# Would S-189 Be A Good Sub For Wyeast 2206?



## Bribie G (20/9/10)

I'll be pitching a dunkel tomorrow and have S-189. If I do up a big starter with both sides of a repack from CB would that be a fair substitute for Wyeast 2206 Bavarian Lager?


----------



## vykuza (20/9/10)

BribieG said:


> I'll be pitching a dunkel tomorrow and have S-189. If I do up a big starter with both sides of a repack from CB would that be a fair substitute for Wyeast 2206 Bavarian Lager?




Munich dunkels don't tend to have much or any yeast character, so the S-189 will be just fine.


----------



## Bribie G (20/9/10)

Thanks Nick, will do. :icon_cheers:


----------



## bconnery (20/9/10)

BribieG said:


> I'll be pitching a dunkel tomorrow and have S-189. If I do up a big starter with both sides of a repack from CB would that be a fair substitute for Wyeast 2206 Bavarian Lager?


Yes and no in my book. 
It will work quite nicely but for whatever reason it does seem that certain lager yeasts support malty characters better than others. S189 has always been super neutral to me, so it won't block the malt, but it won't support it either. 

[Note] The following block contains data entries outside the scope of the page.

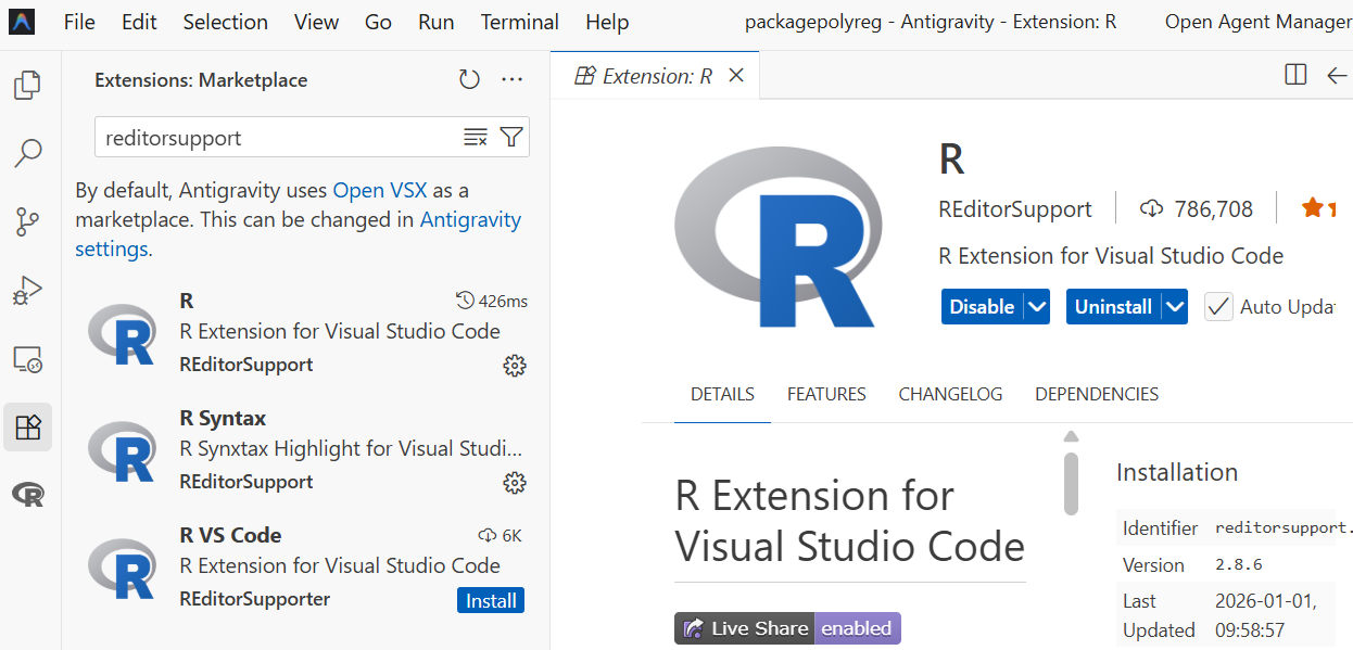 私「だいじょうぶ。えっとAntigravityを開く。R拡張機能はデフォルトで入ってないから追加する。左サイドバーでRを検索する。あれ、いっぱいヒットした、そりゃそうか。PublisherがREditorSupportのやつをインストールする」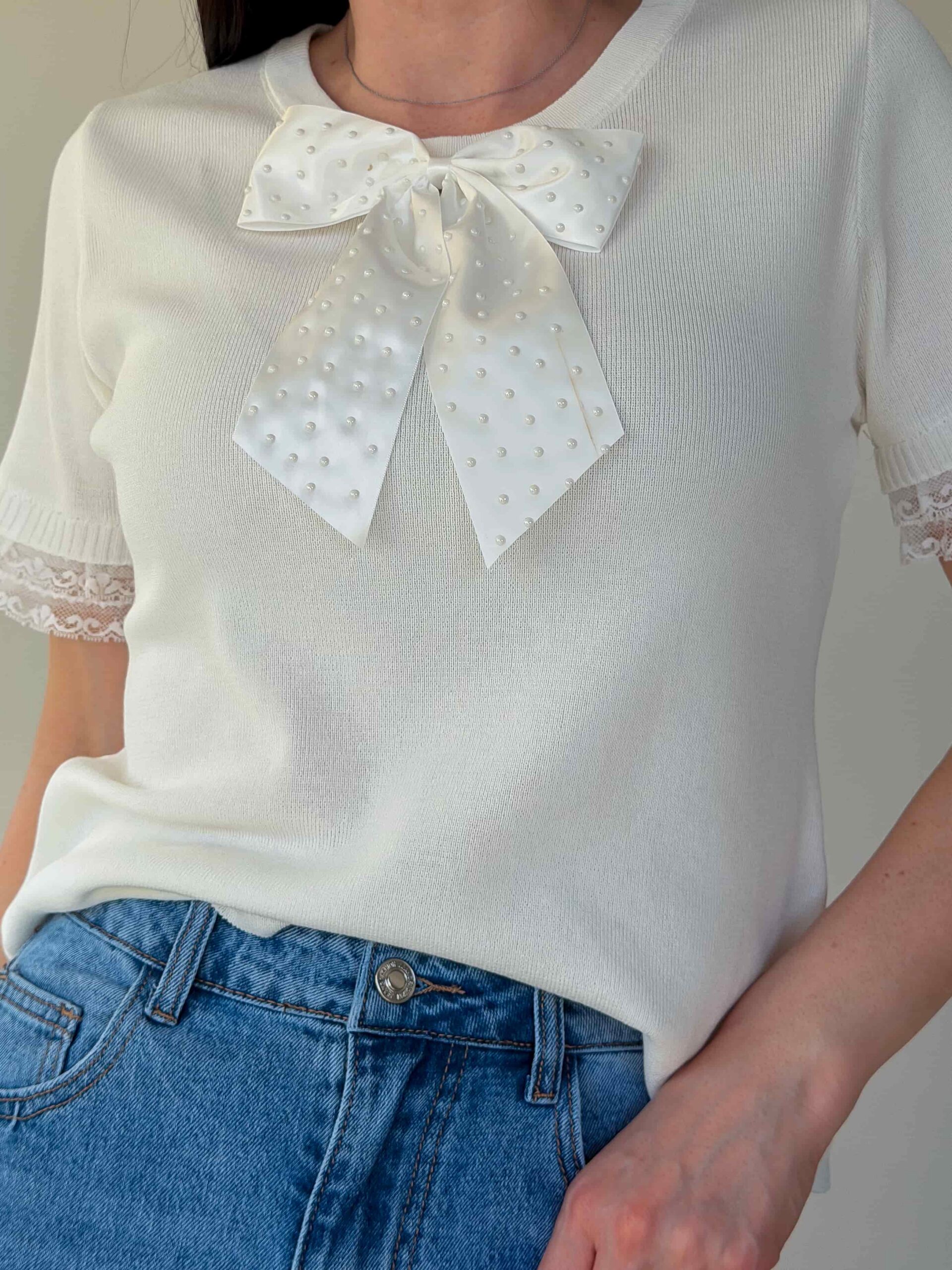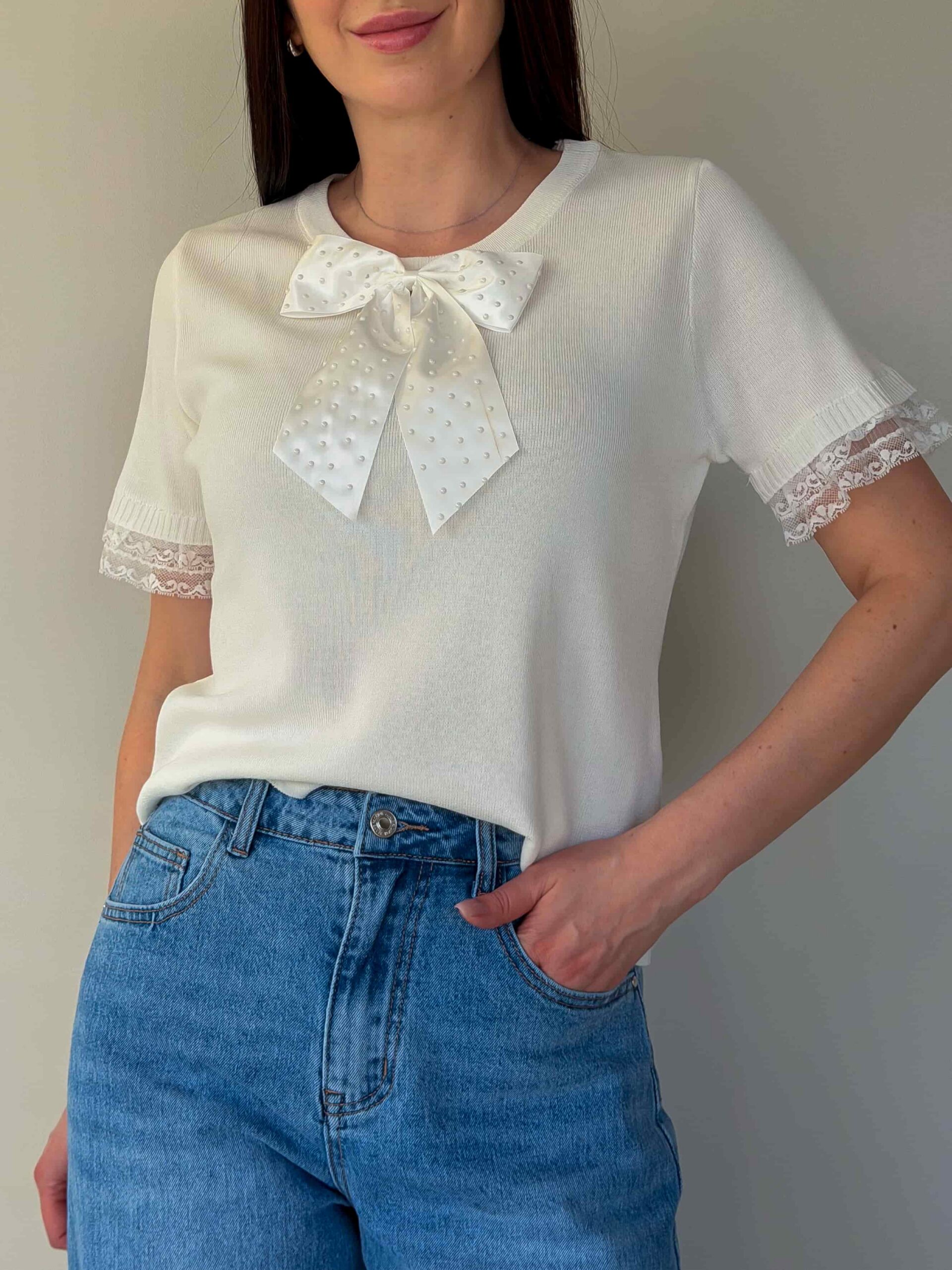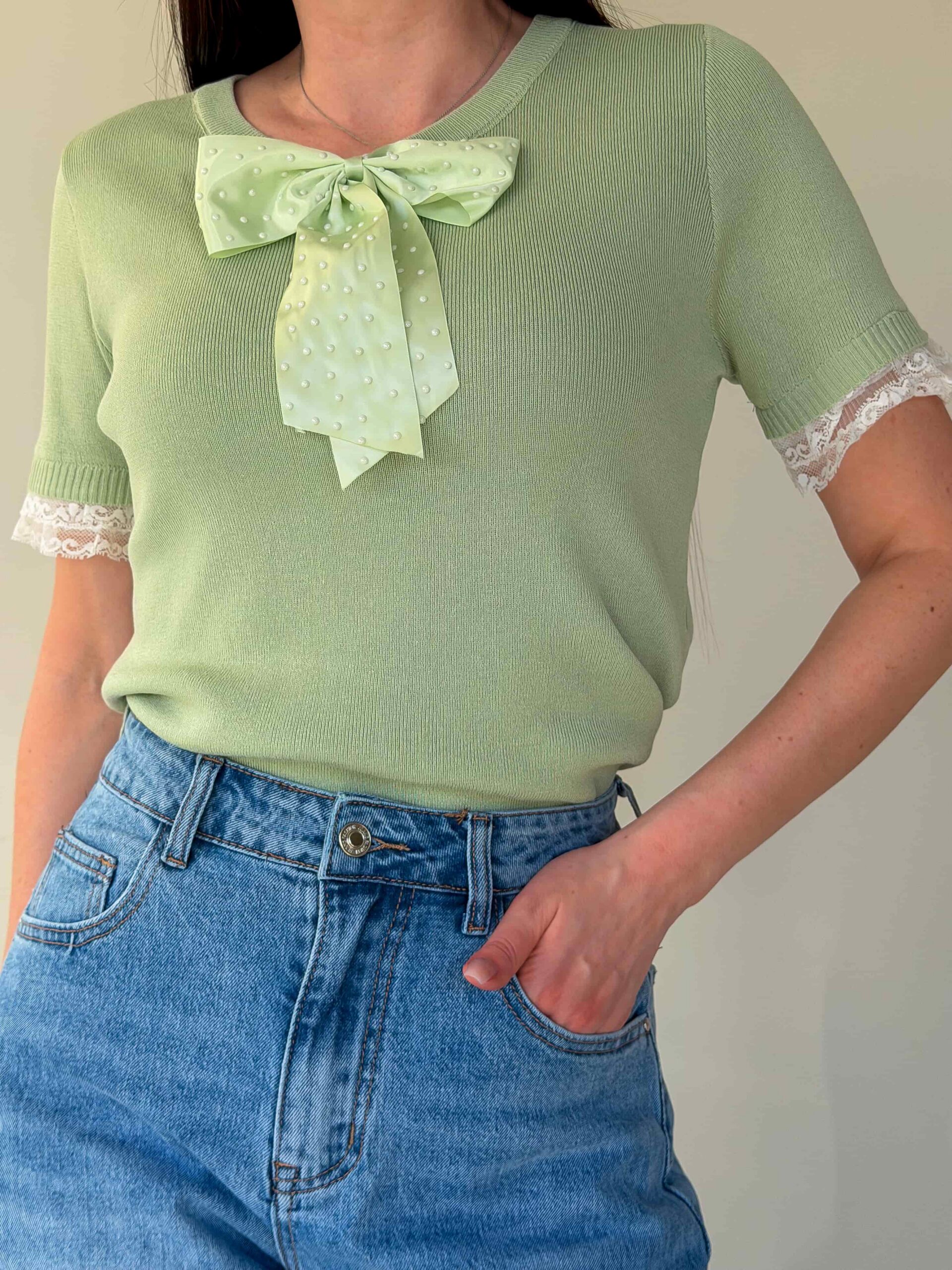 Trikookangast topp paelaga on graatsiline ja praktiline ese igapäevaseks ning pidulikuks kandmiseks. Pehme elastne trikoo järgneb õrnalt siluetile, tagades mugavuse ja liikumisvabaduse ning säilitades oma kuju pärast pesu. Kaunistav pael dekolteel lisab romantilist aktsenti, muutes lihtsa komplekti hetkega pidulikumaks. Topp on saadaval mitmes värvitoonis, muutes selle universaalseks seelikute, teksade ja pükstega kombineerimiseks. Sobib kihiliste komplektide loomiseks – kanda jakiga, kardiganiga või eraldiseisvana soojematel päevadel.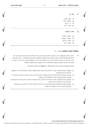 מועד סתיו 2018 חשיבה מילולית -פרק ראשון - 5 -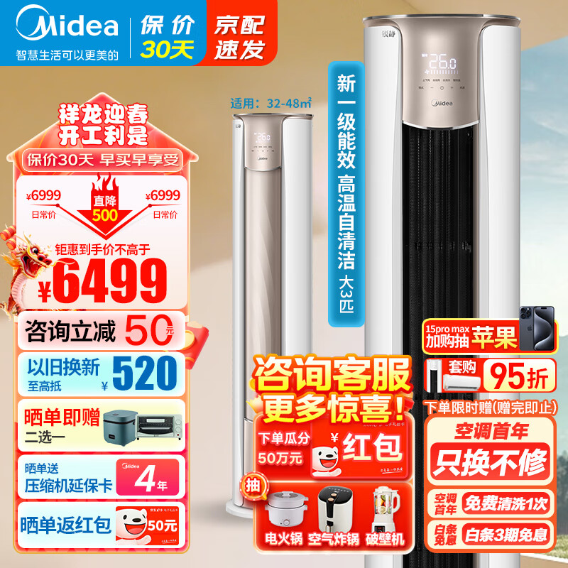 美的空调3匹 锐静 新一级能效 变频冷暖 智能空调柜机 大出风口立柜式客厅空调KFR-72LW/N8VHC1Ⅱ价格:6499.00元!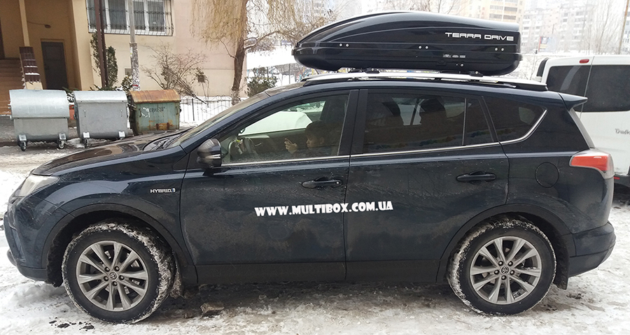 Для перевезення лиж і сноубордів на машині з рейлінгами Toyota RAV4 прекрасно підійде Terra Drive 440 DS чорний глянець, встановлений на поперечки Агурі Престиж.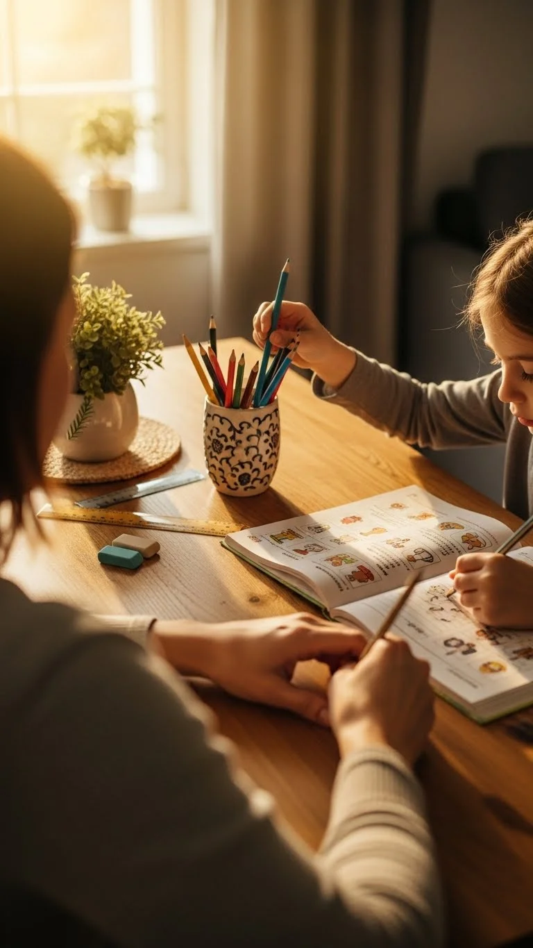 A homework power block takes pressure off busy nights. Pick the same time most days, like 4:00 or 4:30. Keep supplies in a small caddy so you don’t hunt for pencils. Set a calm mood by turning off loud toys or music. If your child gets frustrated, break the work into tiny segments. Five-minute chunks work well. Let them stretch between segments. Use snacks that aren’t messy, like apple slices. This keeps fingers clean for writing. Place a small lamp on the table for steady light. Try not to hover. Check in only when needed. A consistent schedule helps kids settle quickly and finish sooner.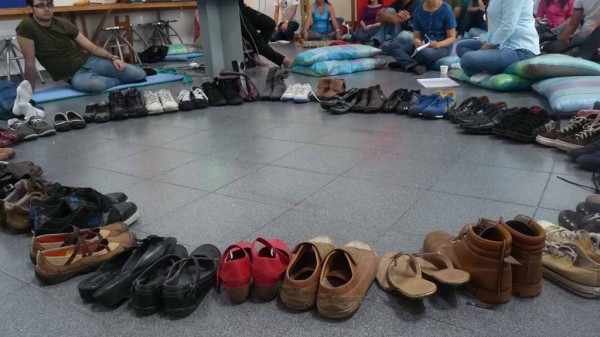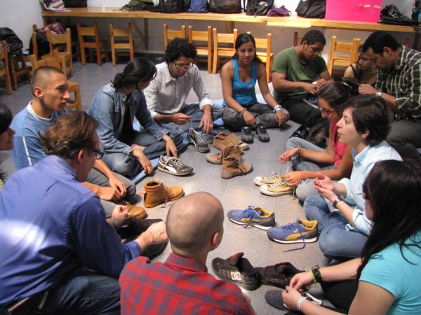 El tercer día tuvo lugar el taller ¿Artista, educadora o productora cultural? de cuatro horas de duración donde el posmuseo se concretó desde la posición de los futuros educadores de museos, es decir, las y los estudiantes de las facultades de Bellas Artes, Educación e Historia del Ate muchos de los cuales vinieron con Bernardo Bustamante, profesor de la facultad de Bellas Artes. La sala Creativa del Museo de Antioquia se llenó de participantes descalzos que se tumbaron por el suelo en una suerte de clase de preparación al parto… Iniciamos el taller creando una producción cultural entre todos tomando nuestros zapatos como material y reflexionando y representando varios conceptos: educadora, artista, pedagogías tóxicas, pedagogías contemporáneas y edupunk.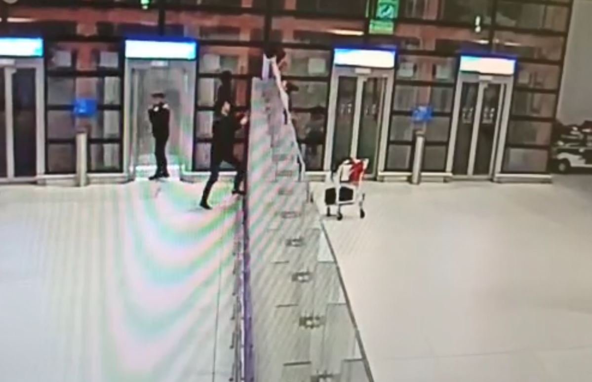 R.A'nın teslim aldığı sırt çantalarını dış hatlar gidiş terminali arındırılmış salon ile iç hatlar gidiş arındırılmış salonu ayıran camlı bölme üzerinden, iç hatlar terminalinde bekleyen Y.A ile E.A'ya verdiği belirlendi. R.A'nın çantaları camlı bölmenin üstünden atmak için yanında getirdiği taburenin üstüne çıktığı anlar kameralara yansıdı.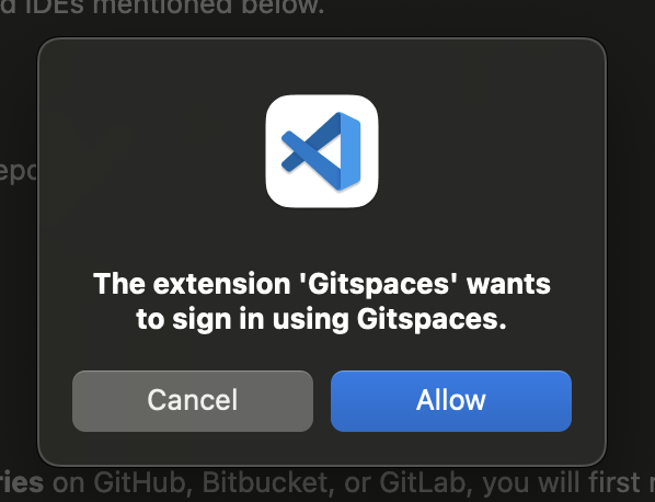 1. A dialog will appear asking to open your browser for Gitspaces authentication. Click “Allow” and “Open” to proceed.
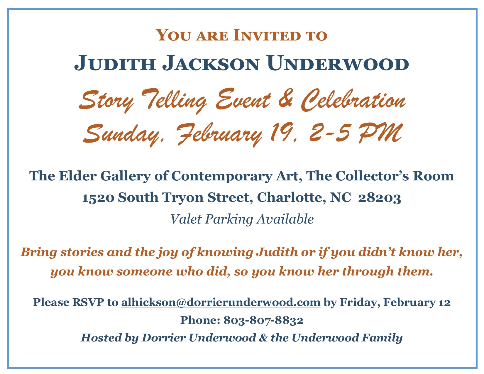 If you are coming to the celebration as advertised below you can click on this link alhickson@dorrierunderwood to RSVP via email.
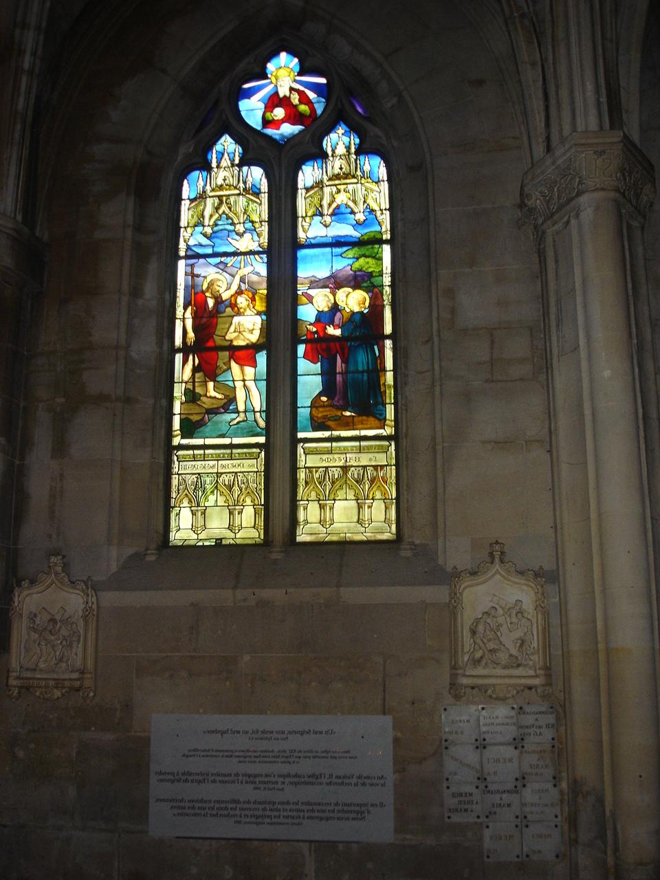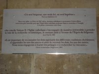 Aussi, pour rendre compte des avancées de l'oecuménisme et donner un autre message aux visiteurs de notre église, l'équipe pastorale de Notre-Dame des Vertus a décidé, avec l'autorisation des Monuments historiques, de faire poser une autre plaque, non loin de la plaque incriminée, et sous le vitrail du baptême de Jésus. Vous trouvez son texte ci-dessous.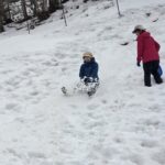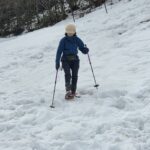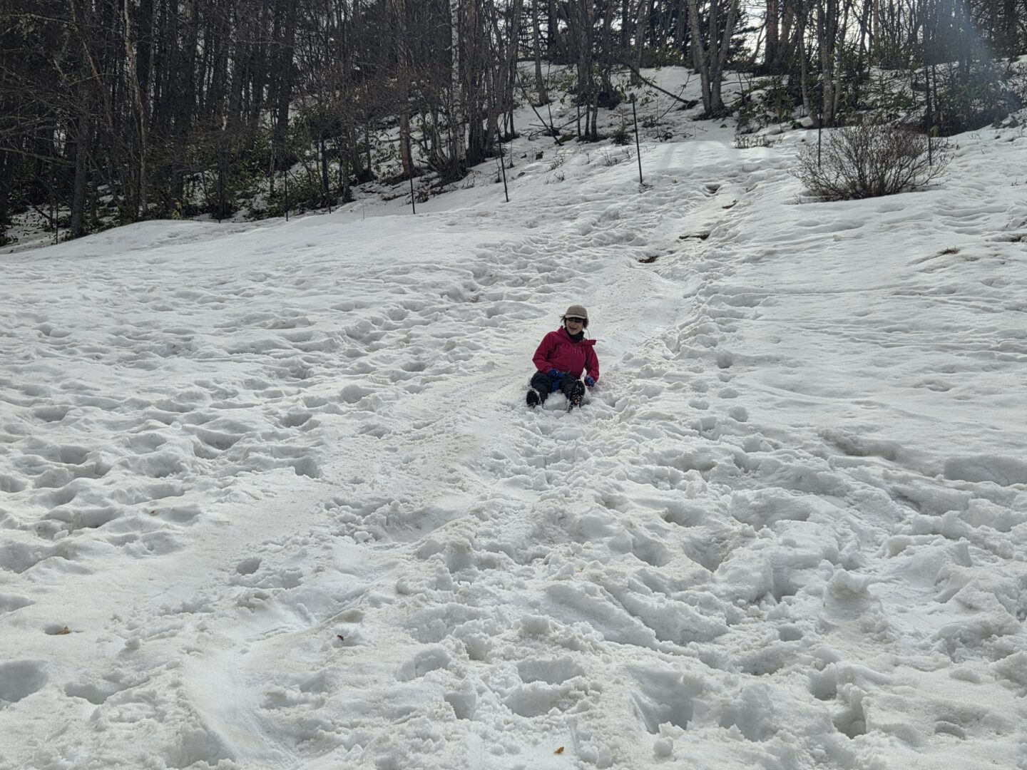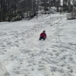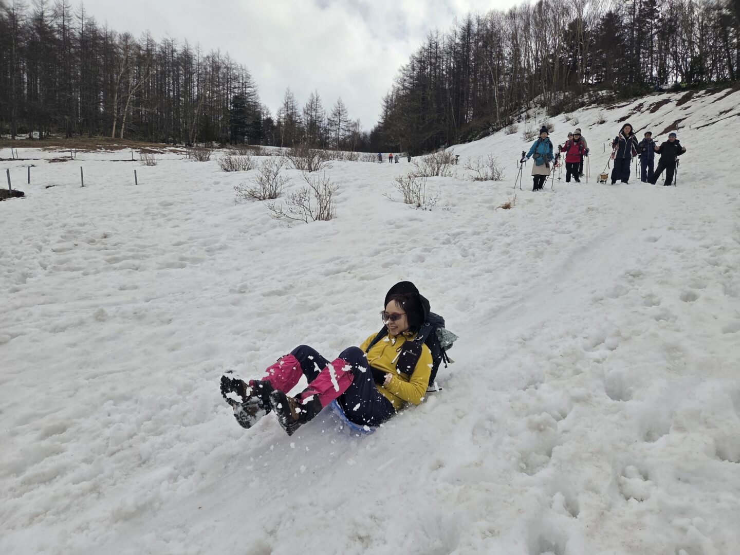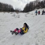 下りも軽アイゼンでサクサク歩く。お花畑で「ちょっと遊んでゆきましょう!」。麓で1台だけレンタルしたスノーシューを体験していただく。が、どちらかと言うと、自宅から持ってきたヒップそりが人気。初めはおそるおそる滑るが、すぐにうまく滑れるようになった。

I love s189 and use it for the sake of convenience with nearly all my lagers but for the best of results for a more malt driven style it wouldn't be the first choice to me. 

I've only used 2 other lager yeasts, 1 liquid 1 dried, so I don't have a wide range of personal experience but this is based on my results and also others feedback and beers.


----------